The New York Times has reported that Apple Computers has settled
its trade mark dispute with Shenzhen Proview Technology over the
IPAD trade mark for a staggering 60 million dollars. Although the
IPAD trade mark will be assigned to Apple, the computer giant's
experience illuminates the importance of seeking trade mark
registration in China.
In Australia, entitlement to use and registration of a trade
mark is generally determined by the earlier of the first to use the
trade mark, or the first to file an application to register the
trade mark. In distinct contrast, China (excluding Hong Kong) is a
'first-to-file' jurisdiction. The entitlement to use of a
trade mark in China is based upon the first person to register the
trade mark in China, not the first to use it.

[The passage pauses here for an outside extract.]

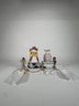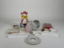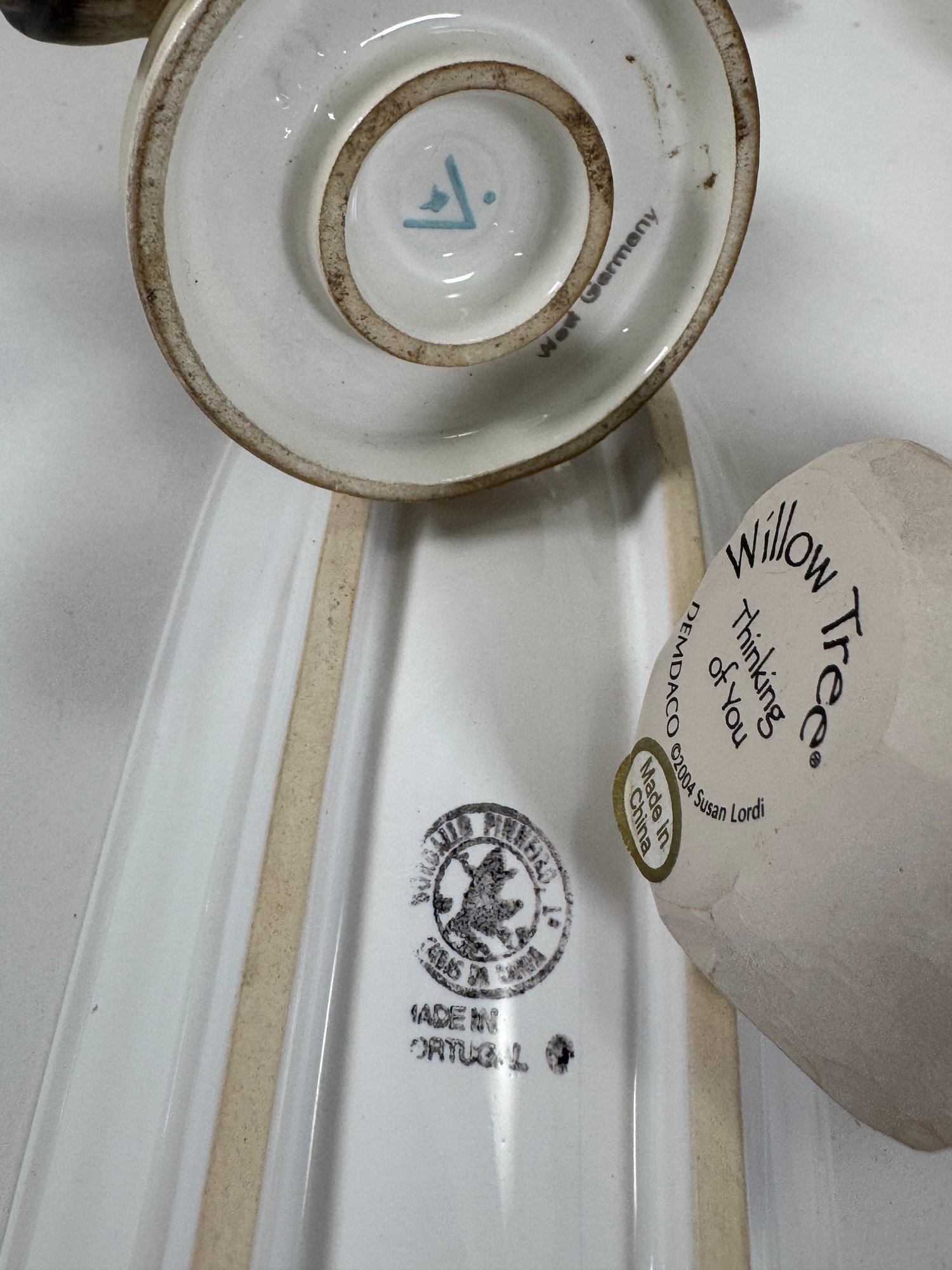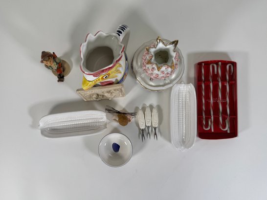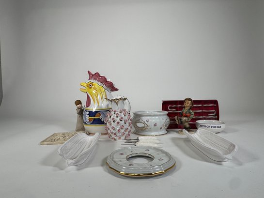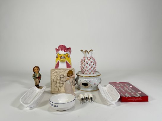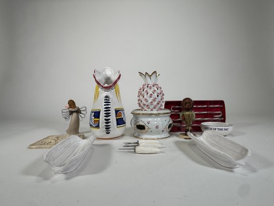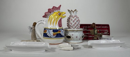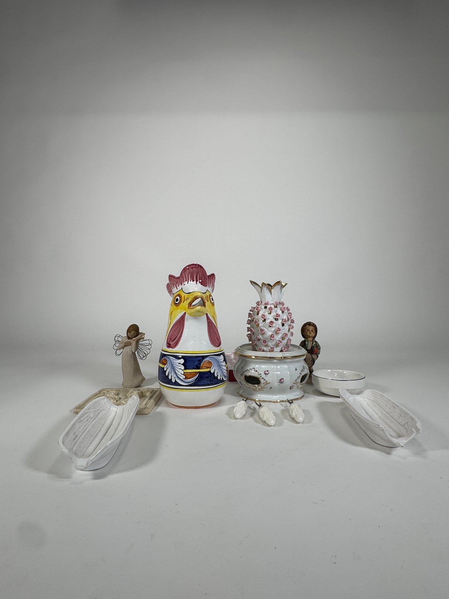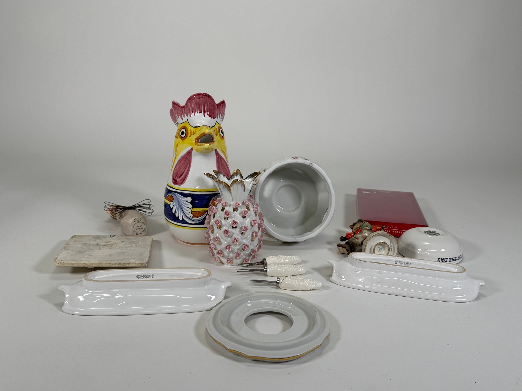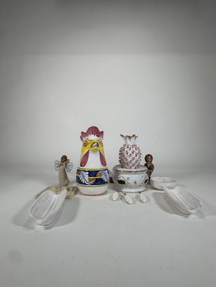 Collection of decorative ceramic items, including a rooster-shaped pitcher, a pineapple-shaped vase, small figurines, and serving dishes. The rooster pitcher is the largest piece, approximately 9.5 inches tall. The lot weighs approximately 115 ounces. Some minor wear is present.

This means that a party unrelated to an Australian trade mark
holder, could and would be well within its rights to, register a
trade mark in China that is identical or similar to an Australian
trade mark. Once a third party has attained registration in China,
the owner of an identical or similar Australian trade mark would
have no right to use or register the mark in China. If the
Australian trade mark owner were to apply the trade mark to the
goods in China for which the Chinese trade mark is registered, the
use of the trade mark would amount to trade mark infringement.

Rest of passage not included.